La pauvre fille

 

 

      J’ai fui ce pénible sommeil

      Qu’aucun songe heureux n’accompagne.

      J’ai devancé sur la montagne

      Les premiers rayons du soleil.

      S’éveillant avec la nature,

Le jeune oiseau chantait sur l’aubépine en fleurs,

Sa mère lui portait la douce nourriture,

      Mes yeux se sont mouillés de pleurs.

 

      Oh ! pourquoi n’ai-je pas de mère ?

Pourquoi ne suis-je pas semblable au jeune oiseau

Dont le nid se balance aux branches de l’ormeau ?

      Rien ne m’appartient sur la terre,

      Je n’eus pas même de berceau,

      Et je suis un enfant trouvé sur une pierre

      Devant l’église du hameau.

 

      Loin de mes parents exilée,

De leurs embrassements j’ignore la douceur,

      Et les enfants de la vallée

      Ne m’appellent jamais leur sœur.

Je ne partage pas les jeux de la veillée ;

      Jamais sous son toit de feuillée

Le joyeux laboureur ne m’invite à m’asseoir,

      Et de loin je vois sa famille

      Autour du sarment qui pétille

Chercher sur ses genoux les caresses du soir.

 

      Vers la chapelle hospitalière

      En pleurant j’adresse mes pas,

      La seule demeure ici-bas,

      Où je ne sois point étrangère,

La seule devant moi qui ne se ferme pas.

 

      Souvent je contemple la pierre

      Où commencèrent mes douleurs,

      J’y cherche la trace des pleurs

Qu’en m’y laissant peut-être y répandit ma mère.

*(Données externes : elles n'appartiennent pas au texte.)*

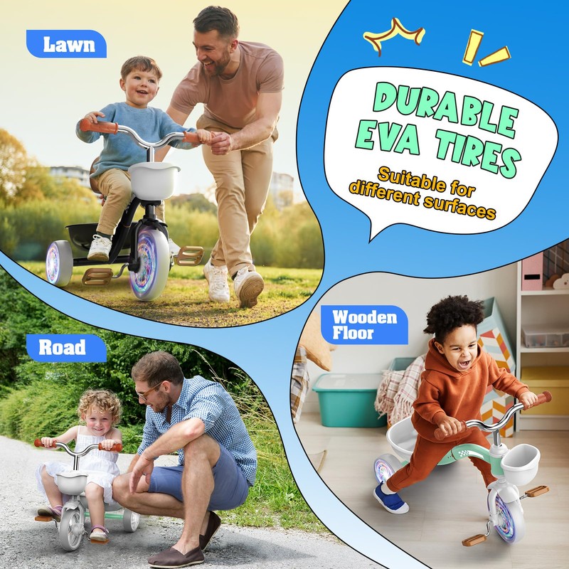 - 【Colorful Lighting Design】: Light up the night, double the fun for your kids! No batteries required, simply spin the wheels to glow. These dazzling lights add an extra layer of excitement to every ride, also improve visibility and increase safety of night rides. Our toddler tricycle is the ideal toys for ages 2-4 kids.

      Souvent aussi mes pas errants

Parcourent des tombeaux l’asile solitaire :

Mais pour moi les tombeaux sont tous indifférents :

      La pauvre fille est sans parents

Au milieu des cercueils ainsi que sur la terre.

 

      J’ai pleuré quatorze printemps

      Loin des bras qui m’ont repoussée :

      Reviens, ma mère, je t’attends

      Sur la pierre où tu m’as laissée.

 

 

 

Alexandre SOUMET.

 

Recueilli dans Poètes de la famille du XVIe au XIXe siècle, Casterman, s. d.